> Task instructions
All of the data that follows should be retyped exactly, please, except the pictures.

> Source data

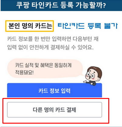 쿠팡에서 타인 명의의 카드로 결제가 가능하지만, 타인 명의 카드를 계정에 등록하는 것은 허용되지가 않습니다.
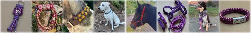 Mittlerweile fertige ich nicht nur Halsbänder, sondern auch Leinen, Pferdehalfter und andere Dinge wie Armbänder, Handyketten, Schlüsselanhänger und Pfeifenbänder an.
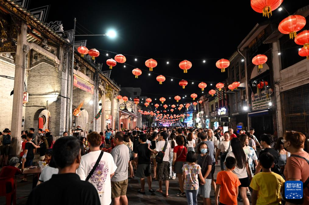 大年初九,在马来西亚槟城州首府乔治市古迹区,一年一度的槟城庙会如期举行。当地民众与游客纷纷前来体验传统文化,感受热情洋溢的春节氛围。

> Solution
 쿠팡에서 타인 명의의 카드로 결제가 가능하지만, 타인 명의 카드를 계정에 등록하는 것은 허용되지가 않습니다.
 Mittlerweile fertige ich nicht nur Halsbänder, sondern auch Leinen, Pferdehalfter und andere Dinge wie Armbänder, Handyketten, Schlüsselanhänger und Pfeifenbänder an.
 大年初九,在马来西亚槟城州首府乔治市古迹区,一年一度的槟城庙会如期举行。当地民众与游客纷纷前来体验传统文化,感受热情洋溢的春节氛围。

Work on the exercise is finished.